AK152 is the first bispecific antibody developed in China for disease-modifying therapy in Alzheimer's Disease, marking a significant breakthrough in the field. Furthermore, it is Akeso's first innovative therapeutic candidate designed to target the central nervous system (CNS). This achievement underscores a critical milestone in expanding Akeso's research and development pipeline into neurodegenerative diseases and positions the company to strengthen its presence as a globally comprehensive pharmaceutical company.
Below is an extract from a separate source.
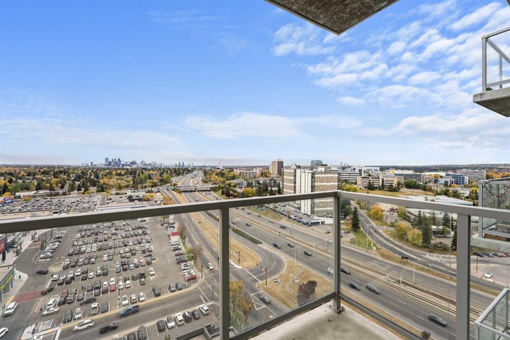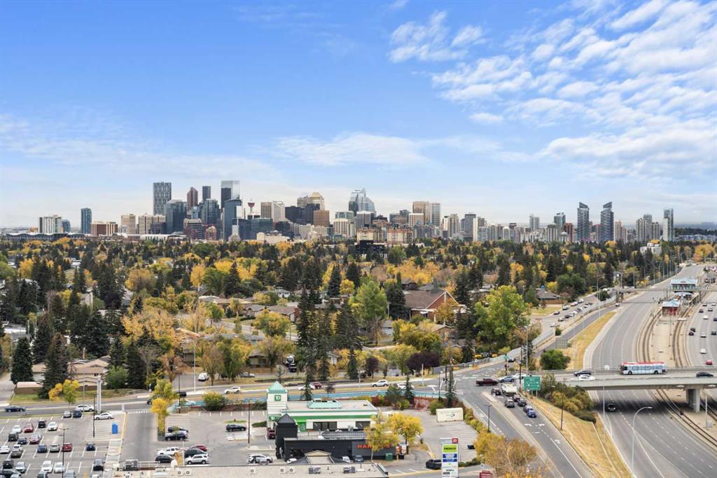 Welcome to University City, where contemporary sophistication meets effortless urban living. This exceptional east-facing residence captures sweeping panoramic views of downtown Calgary through its impressive floor-to-ceiling windows, creating a bright and inspiring space bathed in natural light. Thoughtfully designed, the open-concept layout showcases a modern eat-in kitchen adorned with granite countertops, stainless steel appliances—including a newly replaced microwave hood fan—and abundant cabinetry that transitions seamlessly into living area, perfect for entertaining or unwinding against a backdrop of city lights. The spacious primary bedroom offers a serene retreat, complemented by a conveniently appointed 4-piece bathroom, central air conditioning, and in-suite laundry featuring a newer washer and dryer (replaced just last year). Enjoy the convenience of titled underground parking, an assigned storage locker, and exclusive access to a fully equipped fitness centre and secure bike storage. Perfectly positioned steps from Brentwood C-Train Station, the University of Calgary, Foothills and Children’s Hospitals, and an array of shops, restaurants, and major commuter routes, this residence embodies the best of contemporary city living. Short-term rental friendly and move-in ready, this immaculate condo presents a rare opportunity for both discerning homeowners and savvy investors alike. Quick possession available—your urban lifestyle awaits!

The abnormal aggregation and deposition of amyloid-beta (Aβ) is a key pathological driver of Alzheimer's Disease. Several monoclonal antibodies targeting Aβ have received approval, and clinical data show that these agents can slow cognitive decline by clearing cerebral Aβ plaques. However, the therapeutic efficacy of these antibodies is limited by poor blood-brain barrier (BBB) penetration, resulting in insufficient brain exposure and raises significant safety concerns.

AK152 is a bispecific antibody that simultaneously targets both Aβ and a receptor highly expressed on the blood-brain barrier. The Aβ-binding arm of AK152 binds to Aβ plaques and exhibits high selectivity for the neurotoxic soluble Aβ oligomers. The receptor-binding arm of AK152 leverages the receptor-mediated endocytosis-transcytosis mechanism to significantly enhance the brain penetration of AK152. 

Preclinical studies have demonstrated that AK152 possesses robust bioactivity and a favorable  profile. Compared to conventional monoclonal antibodies targeting Aβ, AK152 significantly improves brain penetration, accelerates the clearance of Aβ plaques, and reverses the progression of Alzheimer's-related neuropathology in pre-clinical models, offering a potentially promising new treatment options for Alzheimer's patients. CNS disorders have long posed significant therapeutic challenges on a global scale. Akeso, with its deep expertise in bispecific antibody development, is at the forefront of creating novel therapies to address critical unmet clinical needs in CNS diseases.

About AK152

AK152 is a bispecific antibody developed by Akeso designed to simultaneously target Aβ and a receptor highly expressed at the blood-brain barrier (BBB). On the Aβ side, it not only binds to Aβ plaques but also selectively targets the more neurotoxic soluble Aβ oligomers. On the BBB side, it leverages receptor-mediated endocytosis to significantly enhance brain penetration. Preclinical studies have shown that AK152 demonstrates strong bioactivity and a favorable safety profile, effectively increasing brain penetration, accelerating Aβ plaque clearance, and exhibiting superior therapeutic efficacy over monoclonal antibodies in AD mouse models. These initial promising results suggest that AK152 has the potential to become a next-generation disease-modifying therapy for Alzheimer's disease.